We propose a semi-analytic Stokes expansion ansatz for finite-depth standing water waves and devise a recursive algorithm to solve the system of differential equations governing the expansion coefficients. We implement the algorithm on a supercomputer using arbitrary-precision arithmetic. The Stokes expansion introduces hyperbolic trigonometric terms that require exponentiation of power series. We handle this efficiently using Bell polynomials. Under mild assumptions on the fluid depth, we prove that there are no exact resonances, though small divisors may occur. Sudden changes in growth rate in the expansion coefficients are found to correspond to imperfect bifurcations observed when families of standing waves are computed using a shooting method. A direct connection between small divisors in the recursive algorithm and imperfect bifurcations in the solution curves is observed, where the small divisor excites higher-frequency parasitic standing waves that oscillate on top of the main wave. A 109th order Pad\'e approximation maintains 25--30 digits of accuracy on both sides of the first imperfect bifurcation encountered for the unit-depth problem. This suggests that even if the Stokes expansion is divergent, there may be a closely related convergent sequence of rational approximations.
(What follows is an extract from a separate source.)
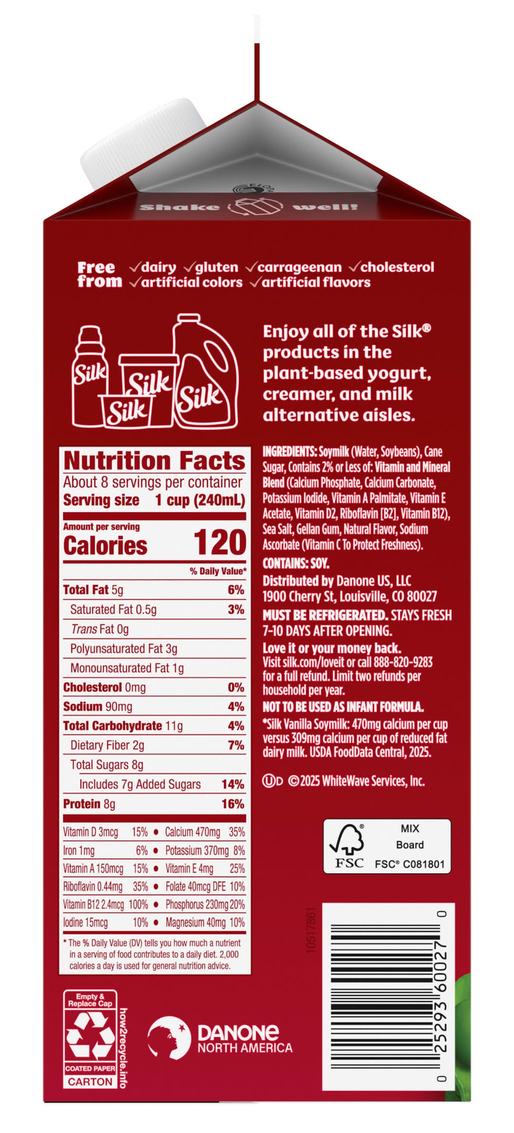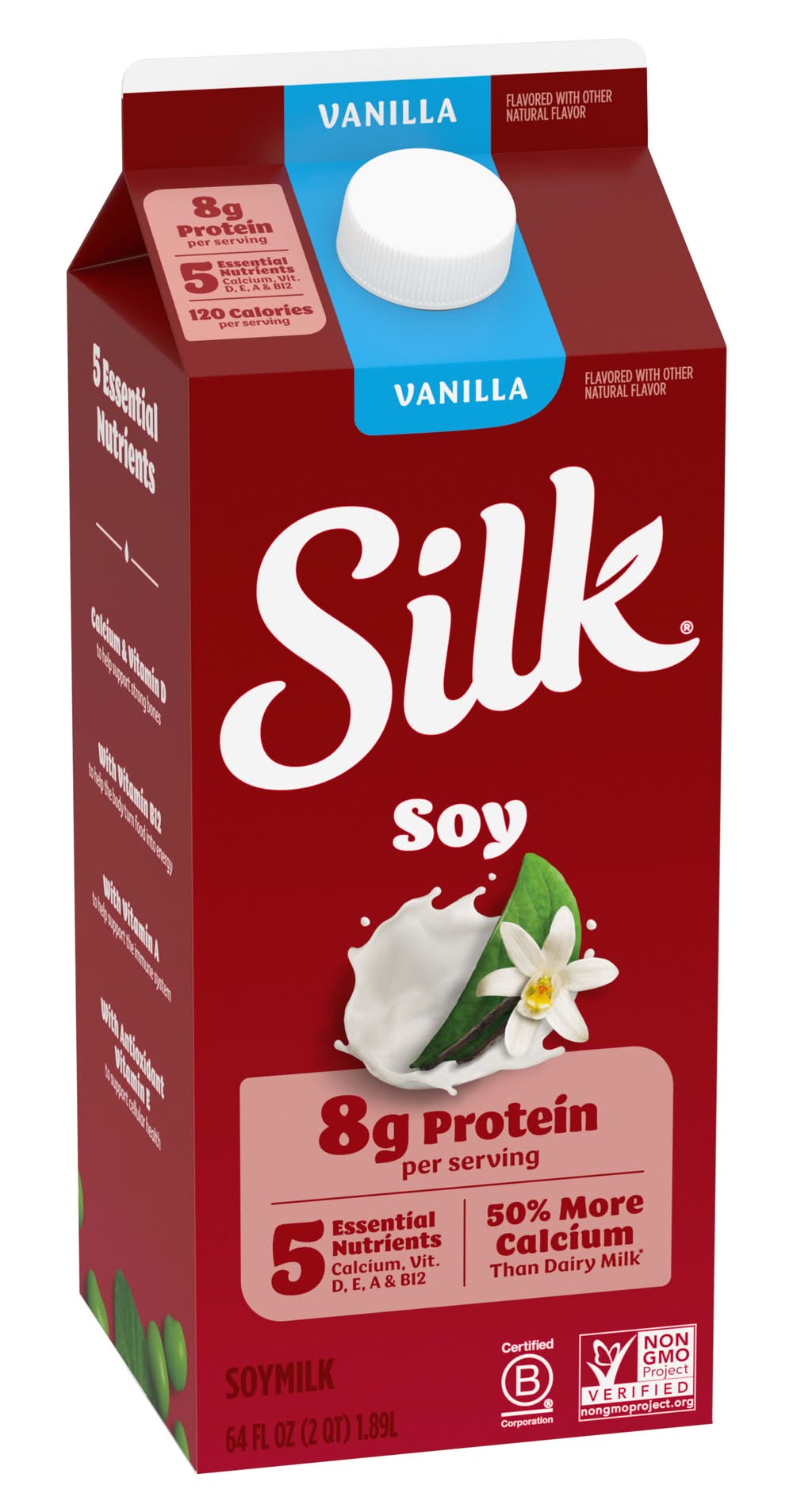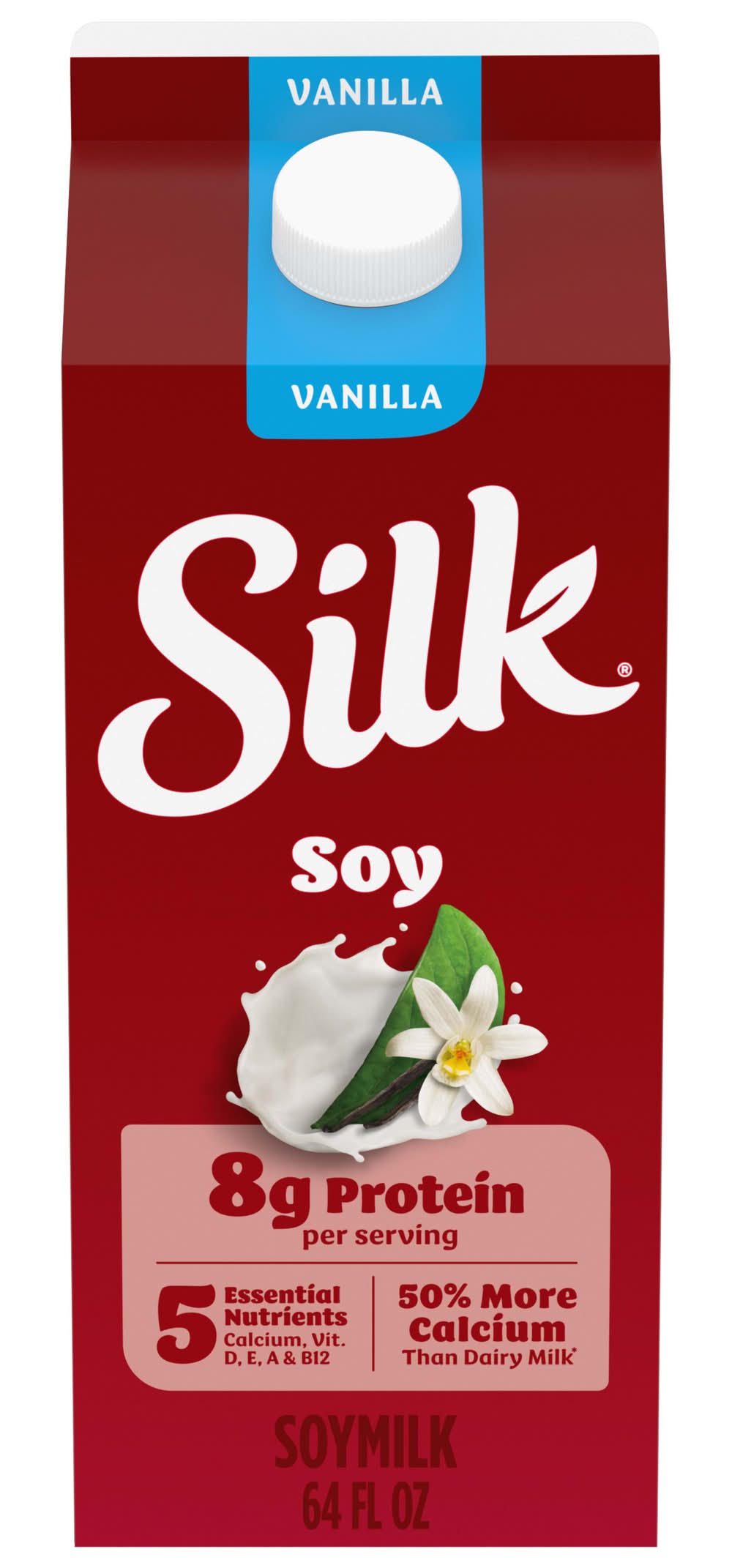 Treat yourself with Silk Vanilla Soymilk, Made with whole harvested soybeans grown by Mother Nature, this lactose free milk is the Original Nutrition Powerhouse. It's an extraordinary tasting plant based milk that you can use throughout your day. Every serving of this nondairy milk has 50% more calcium than dairy milk, along with 6 grams of complete plant-based protein (12% DV). Silk Soymilk is totally free of dairy, gluten, carrageenan, cholesterol, artificial colors and artificial flavors. Looking for lactose free cooking or baking supplies? Whether you’re making a healthy smoothie, making a bowl of tasty cereal or drinking straight out of a glass, trust Silk — the Original Plant Pioneer. Read more about our story on our packaging. Enjoy all of the Silk products, including vegan milk, non dairy creamer and dairy free yogurt varieties. Silk Vanilla Soymilk: 470mg calcium per cup; reduced fat dairy milk: 309mg calcium per cup. USDA, ARS. Food Data Central, 2022. Flavored with other natural flavors. • Flavor: Vanilla • Whitewave foods, Broomfield, CO 80021 • Packaging: Reusable

翻译：我们针对有限深度驻立水面波动提出一种半解析Stokes展开假设，并设计出递归算法以求解控制展开系数的微分方程组。我们在超级计算机上采用任意精度算术实现该算法。Stokes展开引入了需要幂级数指数运算的双曲三角项，我们利用Bell多项式高效处理这一问题。在关于流体深度的弱假设下，我们证明不存在精确共振，但可能出现小除数现象。展开系数增长率的突变与使用打靶法计算驻立波族时观察到的不完美分岔相对应。我们观察到递归算法中的小除数与解曲线中的不完美分岔之间存在直接联系——小除数会激发在主波上振荡的高频寄生驻立波。对于单位深度问题，第109阶Padé近似在首次遇到的不完美分岔两侧均保持25-30位有效数字精度。这表明即使Stokes展开发散，仍可能存在密切相关的收敛有理近似序列。